Training started - epochs: 20 - learning_rate: 0.005 - batch_size: 64 - training_examples: 13341 - classes: 2
Epoch 0/20 - 0.49s - loss: 125.230545 - acc: 0.7007471 - batches: 209
Epoch 1/20 - 0.34s - loss: 115.544014 - acc: 0.7358437 - batches: 209
Epoch 2/20 - 0.34s - loss: 114.46812 - acc: 0.7435811 - batches: 209
Epoch 3/20 - 0.33s - loss: 113.75002 - acc: 0.74919957 - batches: 209
Epoch 4/20 - 0.34s - loss: 113.10281 - acc: 0.7550745 - batches: 209
Epoch 5/20 - 0.35s - loss: 112.81218 - acc: 0.760048 - batches: 209
Epoch 6/20 - 0.33s - loss: 112.79334 - acc: 0.7641045 - batches: 209
Epoch 7/20 - 0.37s - loss: 112.8797 - acc: 0.767244 - batches: 209
Epoch 8/20 - 0.34s - loss: 112.86142 - acc: 0.76996386 - batches: 209
Epoch 9/20 - 0.34s - loss: 112.65094 - acc: 0.77289355 - batches: 209
Epoch 10/20 - 0.34s - loss: 112.2948 - acc: 0.77552277 - batches: 209
Epoch 11/20 - 0.34s - loss: 112.11395 - acc: 0.7776261 - batches: 209
Epoch 12/20 - 0.36s - loss: 111.9319 - acc: 0.7798797 - ba

The output of classifierDLModel.transform() need several transformations to get the final result.

In [None]:
predictionTest = classifierDLModel.transform(testDataSnlp)

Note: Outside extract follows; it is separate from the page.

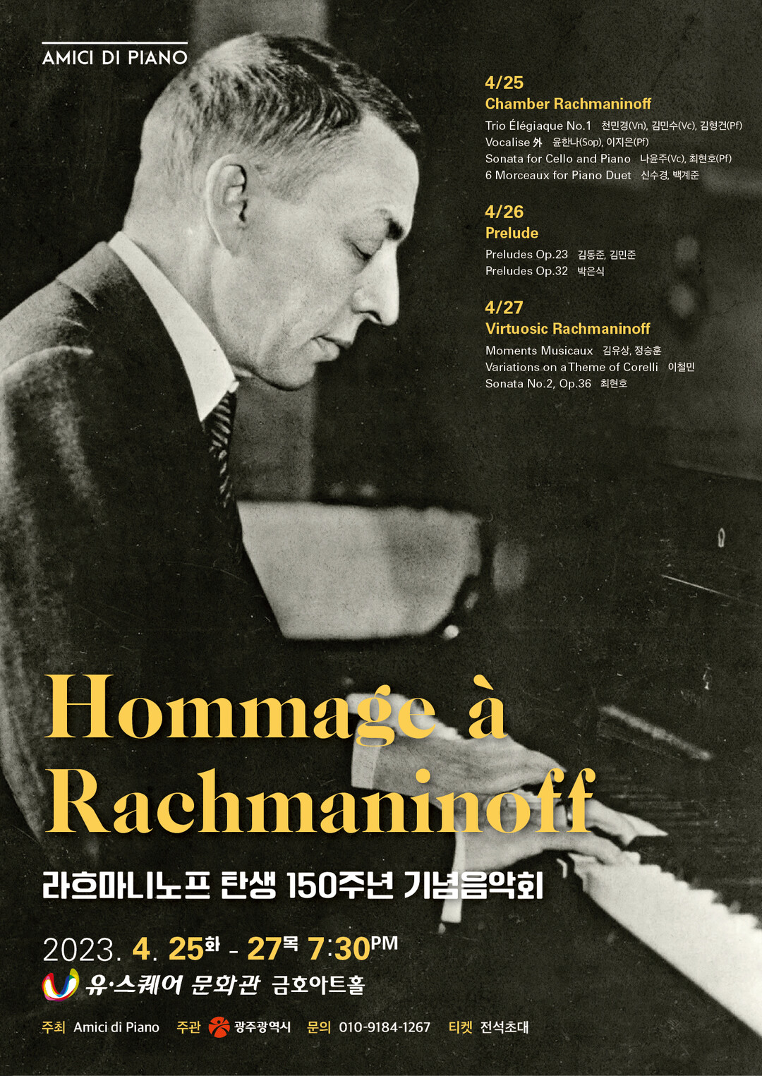 전남대 음악학과 박은식. 신수경 교수가 기획하고, 광주전남지역을 기반으로 활동하는 피아니스트들로 구성된 전문 피아노 연주단체 Amici di Piano(아미치 디 피아노)가 주최하는 이번 음악회는 25일부터 27일까지 3일간 광주 유스퀘어 문화관 금호아트홀에서 매일 저녁 7시 30분 라흐마니노프 주요 곡들이 연주된다. 전석 초대.

predictionTest = Finisher().setInputCols("labelFull").setOutputCols("labelSimple").transform(predictionTest)
predictionTest = predictionTest.withColumn("labelSimple", F.col("labelSimple").cast("array<integer>"))
predictionTest = predictionTest.selectExpr('id', "AGGREGATE(labelSimple, 0, (acc, x) -> acc + x) as label")

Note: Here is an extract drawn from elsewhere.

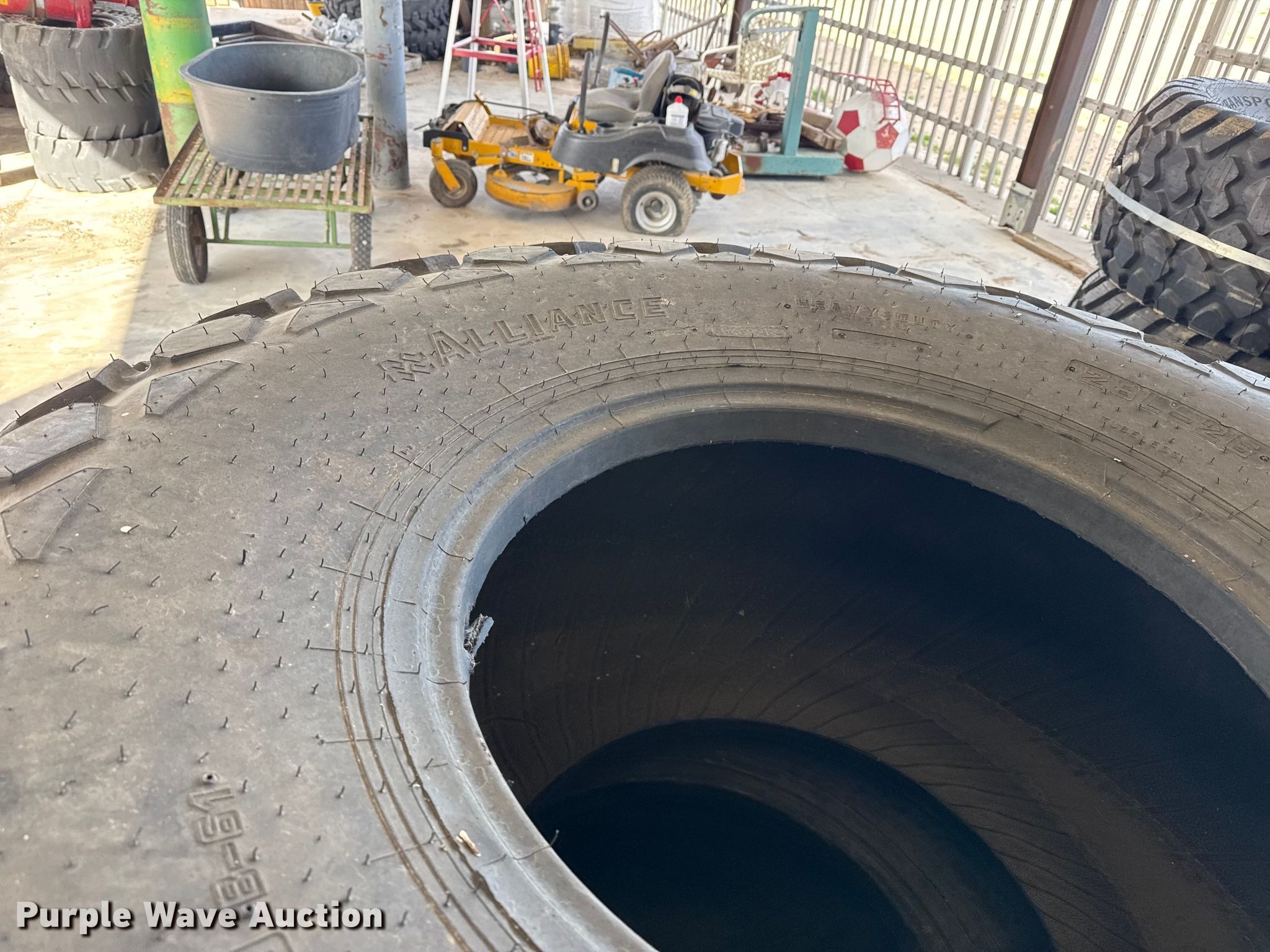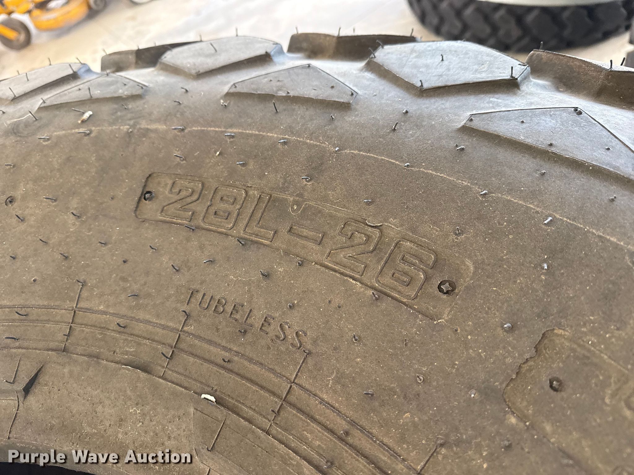 Purple Wave is selling a used Industrial Tires or Tracks in Kansas. This item is a (4) tires with the following: 28L-26, Unused

predictionTest = predictionTest.withColumn('labelFinal', F.when(F.col("label") >= 1, 1).otherwise(0))
predLabelTest = np.array(predictionTest.select('labelFinal').collect()).squeeze()

**The score of test set is 0.80355.**  
We can see an improvement by using BERT/NNs compared with the score 0.77536 of [our previous notebook](https://deepnote.com/project/Pyspark-for-Natural-Language-Processing-with-Disaster-Tweets--dn4DX33Tem9ogzvD8t7Eg).
Note that the architecture of ClassifierDLApproach is still not published.